Regional Reviews: Chicago

Going Bacharach: The Songs of an Icon

Apollo Theatre
Review by Seth Wilson

Also see Christine's reviews of Scaramouche and Loki: The End of the World Tour and Kelly's review of The Wedding Singer


Ty-Tynisa Wilson
Photo by Russ Rowland
Like a lot of millennials, I learned who Burt Bacharach was from Austin Powers. Unlike a lot of millennials, I was the kind of dork who ended up getting into his music. (I also became a lifelong devotee of Elvis Costello, thanks to his duet with Bacharach in the sequel, but that's a story for another time.) So I was excited to hear the revue Going Bacharach: The Songs of an Icon has arrived in Chicago after an Off-Broadway run earlier this year.

Bacharach's genius as a songwriter was his ability to make complexity sound simple. His songs are full of shifting time signatures, key changes, and intricate structures drawn from his background in jazz. Despite the intricate construction, they're immediately familiar and warm. You hear a Bacharach song and feel like you've known it your entire life. But because they're so richly detailed, you can hear them hundreds of times and always find new things to appreciate.

That complexity also sets a mighty challenge for anyone looking to interpret the master's work. These songs sound easy, then you try to perform them and find out just how hard they are. This is a lesson I learned the hard way at a karaoke night thanks to "I'll Never Fall in Love Again." But I'm pleased to report that the cast of Going Bacharach is more than up to the task set to them here, digging into nearly two dozen Bacharach classics with brio, bringing them vividly to life onstage. Each brings a unique personal connection to the material as well.

John Pagano spent 26 years as the lead male singer in Bacharach's touring band, performing around the world with the man himself.

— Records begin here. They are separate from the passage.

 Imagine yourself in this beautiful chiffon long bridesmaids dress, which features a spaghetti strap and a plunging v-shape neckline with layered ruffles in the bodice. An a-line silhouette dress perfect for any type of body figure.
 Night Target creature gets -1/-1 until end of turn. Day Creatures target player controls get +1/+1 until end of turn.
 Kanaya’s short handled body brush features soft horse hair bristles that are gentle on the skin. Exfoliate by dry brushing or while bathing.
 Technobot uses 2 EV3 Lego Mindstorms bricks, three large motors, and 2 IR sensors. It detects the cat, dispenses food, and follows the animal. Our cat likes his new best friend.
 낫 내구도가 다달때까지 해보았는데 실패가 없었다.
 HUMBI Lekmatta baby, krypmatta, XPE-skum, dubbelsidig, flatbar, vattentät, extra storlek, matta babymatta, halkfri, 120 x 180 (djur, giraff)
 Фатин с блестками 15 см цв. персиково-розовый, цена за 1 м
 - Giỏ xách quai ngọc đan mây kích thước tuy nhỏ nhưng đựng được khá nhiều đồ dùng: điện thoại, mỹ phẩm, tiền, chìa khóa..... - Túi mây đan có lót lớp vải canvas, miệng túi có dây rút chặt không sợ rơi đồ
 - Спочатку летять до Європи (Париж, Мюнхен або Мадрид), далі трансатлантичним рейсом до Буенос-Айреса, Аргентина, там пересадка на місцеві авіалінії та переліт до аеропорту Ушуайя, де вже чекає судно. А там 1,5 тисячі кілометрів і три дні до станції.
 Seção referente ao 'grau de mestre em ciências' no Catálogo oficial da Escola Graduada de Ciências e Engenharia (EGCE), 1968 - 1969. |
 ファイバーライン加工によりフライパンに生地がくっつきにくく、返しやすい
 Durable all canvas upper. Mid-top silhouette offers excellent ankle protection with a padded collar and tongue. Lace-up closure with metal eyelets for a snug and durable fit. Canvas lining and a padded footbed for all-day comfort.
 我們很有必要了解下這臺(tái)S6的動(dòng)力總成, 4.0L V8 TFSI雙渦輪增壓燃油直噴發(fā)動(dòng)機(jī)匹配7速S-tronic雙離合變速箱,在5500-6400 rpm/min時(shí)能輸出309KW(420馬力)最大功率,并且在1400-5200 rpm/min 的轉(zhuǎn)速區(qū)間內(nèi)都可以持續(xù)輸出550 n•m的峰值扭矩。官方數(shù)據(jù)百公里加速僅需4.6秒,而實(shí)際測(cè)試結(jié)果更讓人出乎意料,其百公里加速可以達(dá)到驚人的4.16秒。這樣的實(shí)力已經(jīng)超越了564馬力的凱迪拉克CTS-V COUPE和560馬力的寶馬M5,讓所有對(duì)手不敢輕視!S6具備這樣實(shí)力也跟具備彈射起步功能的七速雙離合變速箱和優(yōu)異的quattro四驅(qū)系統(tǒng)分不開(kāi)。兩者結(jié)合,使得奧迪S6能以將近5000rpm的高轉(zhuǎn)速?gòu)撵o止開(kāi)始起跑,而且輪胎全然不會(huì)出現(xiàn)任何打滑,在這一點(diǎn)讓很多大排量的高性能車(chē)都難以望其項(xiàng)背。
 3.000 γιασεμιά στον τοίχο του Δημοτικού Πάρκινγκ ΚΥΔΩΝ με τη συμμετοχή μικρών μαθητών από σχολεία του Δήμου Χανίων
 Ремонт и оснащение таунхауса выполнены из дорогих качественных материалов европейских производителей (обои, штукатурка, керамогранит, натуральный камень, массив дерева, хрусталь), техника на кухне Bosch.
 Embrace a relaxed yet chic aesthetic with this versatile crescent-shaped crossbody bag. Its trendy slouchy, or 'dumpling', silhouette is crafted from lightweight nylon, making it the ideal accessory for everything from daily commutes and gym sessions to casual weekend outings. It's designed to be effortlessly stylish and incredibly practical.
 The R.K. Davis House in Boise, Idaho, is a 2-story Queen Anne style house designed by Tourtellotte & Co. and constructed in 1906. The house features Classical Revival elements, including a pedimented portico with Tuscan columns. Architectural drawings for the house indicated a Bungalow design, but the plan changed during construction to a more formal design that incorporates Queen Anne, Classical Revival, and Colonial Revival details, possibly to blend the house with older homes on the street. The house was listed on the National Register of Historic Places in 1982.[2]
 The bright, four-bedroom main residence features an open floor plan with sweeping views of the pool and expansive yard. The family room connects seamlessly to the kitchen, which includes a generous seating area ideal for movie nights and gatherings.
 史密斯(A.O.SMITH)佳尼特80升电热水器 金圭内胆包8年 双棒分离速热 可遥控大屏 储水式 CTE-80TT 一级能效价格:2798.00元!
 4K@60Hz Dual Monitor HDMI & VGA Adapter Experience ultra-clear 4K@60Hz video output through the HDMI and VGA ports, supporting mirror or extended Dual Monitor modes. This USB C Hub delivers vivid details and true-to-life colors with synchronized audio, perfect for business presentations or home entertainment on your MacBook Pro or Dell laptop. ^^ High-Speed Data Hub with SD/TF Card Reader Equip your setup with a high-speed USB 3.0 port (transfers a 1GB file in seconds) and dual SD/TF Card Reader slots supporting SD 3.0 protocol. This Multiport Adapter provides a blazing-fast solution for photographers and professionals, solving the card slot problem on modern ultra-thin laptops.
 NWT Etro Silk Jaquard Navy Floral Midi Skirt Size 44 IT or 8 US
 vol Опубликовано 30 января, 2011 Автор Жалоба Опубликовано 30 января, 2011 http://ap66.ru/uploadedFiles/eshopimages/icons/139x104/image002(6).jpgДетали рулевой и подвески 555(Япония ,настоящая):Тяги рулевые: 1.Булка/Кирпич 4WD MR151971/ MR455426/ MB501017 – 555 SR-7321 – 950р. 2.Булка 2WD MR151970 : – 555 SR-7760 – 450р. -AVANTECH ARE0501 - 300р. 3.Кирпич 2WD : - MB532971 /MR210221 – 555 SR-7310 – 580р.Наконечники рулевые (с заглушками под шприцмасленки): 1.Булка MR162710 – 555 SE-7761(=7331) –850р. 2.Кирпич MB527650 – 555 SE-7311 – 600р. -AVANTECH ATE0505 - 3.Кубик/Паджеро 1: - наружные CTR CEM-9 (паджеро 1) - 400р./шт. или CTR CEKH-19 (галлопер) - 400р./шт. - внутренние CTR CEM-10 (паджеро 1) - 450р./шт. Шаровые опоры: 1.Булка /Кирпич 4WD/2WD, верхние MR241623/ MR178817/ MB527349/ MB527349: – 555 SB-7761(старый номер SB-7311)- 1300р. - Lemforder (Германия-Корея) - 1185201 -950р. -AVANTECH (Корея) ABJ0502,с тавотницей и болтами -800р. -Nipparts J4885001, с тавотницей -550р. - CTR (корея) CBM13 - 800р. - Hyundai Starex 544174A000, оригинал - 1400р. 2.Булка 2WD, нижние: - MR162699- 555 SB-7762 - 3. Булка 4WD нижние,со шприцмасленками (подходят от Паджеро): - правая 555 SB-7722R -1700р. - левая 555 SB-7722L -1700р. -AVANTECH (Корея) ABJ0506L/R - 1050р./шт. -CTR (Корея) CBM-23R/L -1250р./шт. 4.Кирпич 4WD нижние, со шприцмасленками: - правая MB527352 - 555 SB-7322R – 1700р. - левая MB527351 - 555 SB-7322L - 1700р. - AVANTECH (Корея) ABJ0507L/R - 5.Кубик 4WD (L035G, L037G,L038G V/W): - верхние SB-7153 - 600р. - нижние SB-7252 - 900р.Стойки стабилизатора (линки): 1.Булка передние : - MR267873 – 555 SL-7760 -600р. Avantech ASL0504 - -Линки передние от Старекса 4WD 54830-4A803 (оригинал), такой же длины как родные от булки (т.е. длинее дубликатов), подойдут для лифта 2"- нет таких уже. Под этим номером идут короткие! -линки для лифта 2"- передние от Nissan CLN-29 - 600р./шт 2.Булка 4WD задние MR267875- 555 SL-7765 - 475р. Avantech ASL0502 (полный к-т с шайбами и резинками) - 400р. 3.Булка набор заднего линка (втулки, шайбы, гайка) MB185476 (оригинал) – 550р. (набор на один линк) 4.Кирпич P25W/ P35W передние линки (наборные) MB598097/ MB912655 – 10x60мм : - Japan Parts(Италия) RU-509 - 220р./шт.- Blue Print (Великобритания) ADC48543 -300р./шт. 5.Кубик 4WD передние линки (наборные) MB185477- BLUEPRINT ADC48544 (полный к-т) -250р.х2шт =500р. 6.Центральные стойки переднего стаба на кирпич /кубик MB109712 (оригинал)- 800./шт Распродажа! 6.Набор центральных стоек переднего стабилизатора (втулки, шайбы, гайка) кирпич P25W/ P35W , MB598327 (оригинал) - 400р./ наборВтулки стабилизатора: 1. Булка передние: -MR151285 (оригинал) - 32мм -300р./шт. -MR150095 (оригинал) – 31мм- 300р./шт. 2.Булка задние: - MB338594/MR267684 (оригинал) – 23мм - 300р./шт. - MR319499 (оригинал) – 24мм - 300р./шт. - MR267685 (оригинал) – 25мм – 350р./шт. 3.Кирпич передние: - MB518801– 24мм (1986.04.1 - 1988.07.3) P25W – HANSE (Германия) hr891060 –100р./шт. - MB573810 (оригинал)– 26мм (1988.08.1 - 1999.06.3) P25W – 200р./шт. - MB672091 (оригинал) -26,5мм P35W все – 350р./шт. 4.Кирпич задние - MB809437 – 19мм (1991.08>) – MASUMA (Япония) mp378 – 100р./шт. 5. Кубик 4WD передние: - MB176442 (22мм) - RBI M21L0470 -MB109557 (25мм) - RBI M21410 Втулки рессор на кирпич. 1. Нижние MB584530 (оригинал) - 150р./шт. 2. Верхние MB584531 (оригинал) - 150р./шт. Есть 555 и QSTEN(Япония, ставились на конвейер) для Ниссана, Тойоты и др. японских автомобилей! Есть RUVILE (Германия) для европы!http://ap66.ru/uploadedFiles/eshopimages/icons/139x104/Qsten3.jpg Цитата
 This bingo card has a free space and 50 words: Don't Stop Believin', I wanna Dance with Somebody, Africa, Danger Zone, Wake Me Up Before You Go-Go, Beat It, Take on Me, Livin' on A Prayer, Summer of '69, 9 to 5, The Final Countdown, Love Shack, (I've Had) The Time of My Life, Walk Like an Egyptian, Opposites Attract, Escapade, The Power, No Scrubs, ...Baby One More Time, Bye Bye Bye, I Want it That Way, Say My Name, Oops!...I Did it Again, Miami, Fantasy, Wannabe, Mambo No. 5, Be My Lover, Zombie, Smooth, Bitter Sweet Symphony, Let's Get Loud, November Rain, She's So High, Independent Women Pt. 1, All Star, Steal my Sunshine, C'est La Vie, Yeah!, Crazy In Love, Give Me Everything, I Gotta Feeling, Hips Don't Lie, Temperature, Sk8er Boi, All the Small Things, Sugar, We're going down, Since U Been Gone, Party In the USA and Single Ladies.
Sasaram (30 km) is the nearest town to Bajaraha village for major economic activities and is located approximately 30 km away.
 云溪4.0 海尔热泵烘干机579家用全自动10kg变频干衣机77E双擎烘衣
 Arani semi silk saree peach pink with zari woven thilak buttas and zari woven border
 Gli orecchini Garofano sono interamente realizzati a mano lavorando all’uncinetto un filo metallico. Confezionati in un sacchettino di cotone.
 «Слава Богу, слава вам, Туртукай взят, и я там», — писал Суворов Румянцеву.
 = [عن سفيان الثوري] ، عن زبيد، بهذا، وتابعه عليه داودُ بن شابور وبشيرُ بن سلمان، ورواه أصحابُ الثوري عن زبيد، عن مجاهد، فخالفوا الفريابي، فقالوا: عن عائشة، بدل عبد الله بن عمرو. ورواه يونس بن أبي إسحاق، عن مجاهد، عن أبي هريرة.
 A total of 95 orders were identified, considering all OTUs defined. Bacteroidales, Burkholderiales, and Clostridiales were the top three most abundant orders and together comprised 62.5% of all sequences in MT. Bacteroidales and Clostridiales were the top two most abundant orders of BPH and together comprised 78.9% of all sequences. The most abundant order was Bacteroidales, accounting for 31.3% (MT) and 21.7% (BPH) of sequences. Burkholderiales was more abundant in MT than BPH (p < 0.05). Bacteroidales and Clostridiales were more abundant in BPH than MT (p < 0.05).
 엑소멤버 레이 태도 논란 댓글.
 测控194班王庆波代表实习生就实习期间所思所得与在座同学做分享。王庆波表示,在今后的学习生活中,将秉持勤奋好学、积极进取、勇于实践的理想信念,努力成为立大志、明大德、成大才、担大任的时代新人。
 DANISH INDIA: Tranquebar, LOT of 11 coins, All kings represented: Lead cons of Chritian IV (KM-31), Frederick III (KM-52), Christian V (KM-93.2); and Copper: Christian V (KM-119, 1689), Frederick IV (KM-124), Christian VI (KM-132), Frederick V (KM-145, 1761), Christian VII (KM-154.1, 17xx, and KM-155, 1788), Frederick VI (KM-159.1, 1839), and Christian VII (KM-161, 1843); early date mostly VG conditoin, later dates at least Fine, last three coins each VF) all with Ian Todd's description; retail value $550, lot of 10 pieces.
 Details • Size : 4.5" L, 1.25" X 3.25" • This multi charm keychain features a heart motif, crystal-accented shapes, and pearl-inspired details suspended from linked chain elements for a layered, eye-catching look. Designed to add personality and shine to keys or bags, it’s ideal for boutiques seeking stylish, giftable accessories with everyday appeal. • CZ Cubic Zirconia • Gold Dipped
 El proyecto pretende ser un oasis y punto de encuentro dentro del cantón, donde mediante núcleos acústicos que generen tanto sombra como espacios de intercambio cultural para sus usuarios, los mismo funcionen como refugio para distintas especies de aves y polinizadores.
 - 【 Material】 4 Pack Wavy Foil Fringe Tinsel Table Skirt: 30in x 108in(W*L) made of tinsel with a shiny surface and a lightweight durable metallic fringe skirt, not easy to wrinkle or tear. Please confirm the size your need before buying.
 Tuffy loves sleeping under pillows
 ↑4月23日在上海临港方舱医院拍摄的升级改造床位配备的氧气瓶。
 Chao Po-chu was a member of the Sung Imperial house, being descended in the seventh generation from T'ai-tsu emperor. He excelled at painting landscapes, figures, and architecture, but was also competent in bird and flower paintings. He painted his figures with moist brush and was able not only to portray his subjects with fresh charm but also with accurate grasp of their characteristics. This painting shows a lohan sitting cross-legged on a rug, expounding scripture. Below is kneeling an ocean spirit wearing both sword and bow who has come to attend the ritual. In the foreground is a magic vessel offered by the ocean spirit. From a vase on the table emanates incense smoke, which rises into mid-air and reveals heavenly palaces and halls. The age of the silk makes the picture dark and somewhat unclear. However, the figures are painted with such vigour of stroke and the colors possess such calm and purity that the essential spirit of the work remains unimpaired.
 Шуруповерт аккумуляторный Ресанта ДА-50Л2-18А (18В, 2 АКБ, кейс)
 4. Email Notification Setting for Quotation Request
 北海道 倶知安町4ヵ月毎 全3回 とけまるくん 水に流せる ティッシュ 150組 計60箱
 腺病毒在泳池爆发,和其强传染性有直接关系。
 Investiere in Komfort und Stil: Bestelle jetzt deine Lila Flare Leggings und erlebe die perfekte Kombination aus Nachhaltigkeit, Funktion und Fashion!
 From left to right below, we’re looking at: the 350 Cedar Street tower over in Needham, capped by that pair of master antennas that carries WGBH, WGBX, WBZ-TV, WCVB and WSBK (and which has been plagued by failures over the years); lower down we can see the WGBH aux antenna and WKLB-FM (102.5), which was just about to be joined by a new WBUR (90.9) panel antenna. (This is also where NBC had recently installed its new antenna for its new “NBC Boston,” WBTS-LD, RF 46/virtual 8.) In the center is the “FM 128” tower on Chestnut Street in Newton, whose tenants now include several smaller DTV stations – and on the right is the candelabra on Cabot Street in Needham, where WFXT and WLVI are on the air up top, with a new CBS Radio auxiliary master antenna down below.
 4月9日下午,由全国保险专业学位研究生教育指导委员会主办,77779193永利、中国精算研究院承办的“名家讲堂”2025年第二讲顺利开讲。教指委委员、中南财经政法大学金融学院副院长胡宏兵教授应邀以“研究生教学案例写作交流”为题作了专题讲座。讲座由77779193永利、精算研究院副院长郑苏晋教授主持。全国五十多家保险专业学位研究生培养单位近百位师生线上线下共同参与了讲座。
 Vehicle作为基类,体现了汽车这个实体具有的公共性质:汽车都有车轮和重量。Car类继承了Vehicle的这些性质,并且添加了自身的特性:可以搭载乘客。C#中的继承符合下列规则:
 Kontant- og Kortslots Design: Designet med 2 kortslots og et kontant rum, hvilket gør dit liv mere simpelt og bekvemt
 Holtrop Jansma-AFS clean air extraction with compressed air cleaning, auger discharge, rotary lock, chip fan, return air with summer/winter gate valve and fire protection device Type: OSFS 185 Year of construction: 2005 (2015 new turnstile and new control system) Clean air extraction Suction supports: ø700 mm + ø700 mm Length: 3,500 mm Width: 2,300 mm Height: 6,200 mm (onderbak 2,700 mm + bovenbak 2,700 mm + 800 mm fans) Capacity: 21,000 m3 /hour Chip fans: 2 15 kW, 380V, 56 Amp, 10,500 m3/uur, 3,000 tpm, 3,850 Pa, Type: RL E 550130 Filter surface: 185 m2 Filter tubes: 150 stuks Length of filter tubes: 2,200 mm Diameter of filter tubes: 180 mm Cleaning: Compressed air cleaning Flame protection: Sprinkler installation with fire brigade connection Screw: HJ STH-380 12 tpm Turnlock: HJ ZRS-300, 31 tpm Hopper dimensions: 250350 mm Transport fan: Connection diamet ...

Ava Locknar (taking over from original cast member Hilary Kole) is the daughter of Country Music Hall of Fame songwriter Victoria Shaw, who once collaborated with Bacharach. By contrast, Ta-Tynisa Wilson, a Chicago native who recently appeared in Hamilton on Broadway, tells a funny story about how she heard Bacharach's name for the first time when she was invited to audition for this show but has come to develop a love for his work. All three of them have dynamic, expressive voices that find the emotional nuances in these songs so that, no matter how many times you've heard them, these renditions find new expressive possibilities.

Most of your favorite Bacharach tunes are on the menu. The show opens with a snappy overture that weaves together some of his most well-known melodies before the vocalists join the crack band to get the evening underway. But name a Bacharach tune that you admire–"(There's) Always Something There to Remind Me," "The Look of Love," "Don't Make Me Over"–and you're going to hear it. For the most part, these are presented in straightforward arrangements that sound the way you remember them, though "Raindrops Keep Falling on My Head" gets a nice revision, and there's a fun comic bit with "What's New Pussycat?" where Pagano re-creates the experience of listening to it on a skipping 45rpm record.

Beyond the hits, the show treats the audience to a few deeper cuts from the catalog. Pagano delivers a stellar version of "God Give Me Strength," from the later-period collaboration with Elvis Costello. The trio also collaborate on a fine rendition of "The Windows of the World," a Vietnam war protest song that's largely forgotten today. And I've always been puzzled by Bacharach's contention that "Alfie" was one of David's best lyrics, perhaps because I find both the original film and the remake so unremarkable, but the cast here does a good job with it.

Throughout, the cast and pianist/clarinettist/emcee Adrian Galante offer reflections on the life and career of Bacharach. If I have a criticism of the show, it's that I would've liked a bit more of this material. At one point, Locknar gives the audience a peek under the hood of the song "Promises, Promises" from the same-named musical (an adaptation of Billy Wilder's film The Apartment) that was a hit for Bacharach and David in the late '60s. But this is a minor complaint, and I'm likely in the minority here in wanting a musicological disquisition in the middle of a revue.

I don't know if Going Bacharach is going to win many converts to his cause; the average age of the audience when I was there skewed older. (Let me interject here to say that didn't stop them from being horribly behaved, though! More than one person took pictures and video despite multiple reminders not to, and the person sitting behind me inexplicably turned her phone's flashlight on during the performance. I'm a theatre historian, so I know that the idea of a silent and passive audience is a recent phenomenon and a historically constructed one, but looking at your phone during a show is a sign of mental weakness. Enough!) But I do hope that the show makes more fans of the man and his work because they are an indelible part of mid-century American culture and deserve to be remembered.

This show is very clearly a labor of love, and I'm glad there's something here to remind us how good Bacharach was.